Questo non è un faro qualunque o come quelli della terraferma: è soprannominato Scoglio della Fanciulla e sorge in tutta la sua altezza su uno spunzone di terra in mezzo al mare e «…non hai mai
visto una tempesta finché non ci sei stato in mezzo, lì, in mare aperto: il faro pare sbriciolarsi sotto i tuoi piedi per essere spazzato via dalle onde».
A guardia di questo remoto avamposto dovrebbero esserci il primo guardiano Arthur Black –grande esperienza e bravura nel suo lavoro- ,il primo assistente William Walker detto “Bill” e il secondo Vincent Bourne. Quando arriva il collega per un cambio, dei 3 uomini non c’è alcuna traccia, la porta del faro è chiusa dall’interno, dentro tutto è in ordine, gli orologi sono fermi tutti alle 8,45 (dettaglio da non dimenticare) ma non si palesa anima viva. Che fine possono aver fatto i 3 uomini è un mistero irrisolto ancora 20 anni dopo, quando troviamo le loro donne che hanno cercato di andare avanti da sole con quel buco nell’anima e senza saper dove siano finiti.
A riagitare le acque nel 1992 arriva l’affermato scrittore di romanzi di avventura e marinareschi Dan Sharp, che vuole farne materia del suo prossimo best seller.
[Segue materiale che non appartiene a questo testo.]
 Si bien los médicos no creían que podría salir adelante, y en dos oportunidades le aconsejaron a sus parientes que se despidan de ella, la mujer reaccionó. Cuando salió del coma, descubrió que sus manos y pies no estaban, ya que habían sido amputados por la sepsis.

Contatta personaggi legati agli uomini scomparsi, a partire dalle loro compagne, Helen, Jenny e Michelle. Sono rimaste tutte nei cottage messi a loro disposizione dalla Compagnia Trident House che ha provveduto al sostentamento delle vedove dei suoi 3 dipendenti. Ma la tragedia che ha straziato le loro anime, anziché unirle, le ha viste ritirarsi ognuna nel proprio guscio di dolore. Daniel Sharp le incontra e si fa raccontare le loro diverse versioni. E qui la bravura della Stonex scende in campo a tutto tondo. E’ magistrale il modo in cui riannoda i fili delle vite delle 3 coppie e porta a galla vissuti anche travagliati. Ed ecco venire a galla segreti, dolori strazianti e insuperabili, tradimenti, incomprensioni e solitudini, sensi di colpa e rabbia, paure e tantissimo altro….
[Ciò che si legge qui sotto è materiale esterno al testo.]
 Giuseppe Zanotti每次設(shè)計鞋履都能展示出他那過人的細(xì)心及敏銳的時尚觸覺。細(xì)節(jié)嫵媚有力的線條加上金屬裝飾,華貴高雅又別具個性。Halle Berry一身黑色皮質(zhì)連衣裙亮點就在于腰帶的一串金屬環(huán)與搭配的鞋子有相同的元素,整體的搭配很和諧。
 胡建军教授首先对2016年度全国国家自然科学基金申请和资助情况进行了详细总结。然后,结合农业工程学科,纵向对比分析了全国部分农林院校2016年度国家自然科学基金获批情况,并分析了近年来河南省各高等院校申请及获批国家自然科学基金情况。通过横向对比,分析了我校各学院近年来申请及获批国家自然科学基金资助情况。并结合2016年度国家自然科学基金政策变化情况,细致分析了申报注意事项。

Jazmina Barrera “Quaderno dei fari” -La Nuova Frontiera- euro 15,00
Questo è un affascinante viaggio letterario nelle pagine di grandi autori classici che hanno sviluppato pensieri ed emozioni collegate ai fari e al loro intrinseco fascino misterioso. Ed è la colta testimonianza di come questa scrittrice messicana (nata a Città del Messico nel 1988) abbia da sempre sviluppato una profonda fascinazione per le ammalianti torri che indicano la rotta e la salvezza ai naviganti; lighthouses che in inglese vuol dire “le case della luce”. Con l’animo della collezionista, la Barrera ne ripercorre la storia partendo dall’antichità e dai miti.
Dai Maya ai Greci che per primi diedero il nome di fari alle torri accese citate nell’Iliade di Omero: «….Fuoco che segnala la fine del mare.»
Fari e mare indissolubilmente collegati tra loro e allo stesso tempo contrapposti: «Non si può pensare il faro senza il mare. Perchè sono un tutt’uno, ma opposti. Il mare si espande verso l’orizzonte, il faro punta verso il cielo. Il mare è movimento perpetuo; il faro è una vedetta congelata. Il mare è volubile “un campo di battaglia di emozioni” dice Virginia Woolf. «Il faro è un signore stoico, irremovibile…….». Quelli più antichi conservatisi fino ad oggi risalgono al Medioevo, quando ad averne cura erano i monaci.
Poi l’autrice rintraccia gli innumerevoli fari citati nelle pagine di autori come Walter Scott, Lawrence Durrel, Virgina Woolf con il suo romanzo “Gita al faro”. E ancora, Robert Louis Stevenson che discendeva da una stirpe di ingegneri che misero in campo le loro conoscenze e osservazioni empiriche sui moti delle maree, l’altezza delle onde, la profondità dell’acqua, l’inclinazione del suolo e la configurazione della costa. Suo nonno ebbe il merito di aver edificato il primo faro lontano dalla costa, su uno scoglio affiorante in mezzo all’oceano, Belle Rock, che si diceva abitato dallo spirito del fantasma di un pirata.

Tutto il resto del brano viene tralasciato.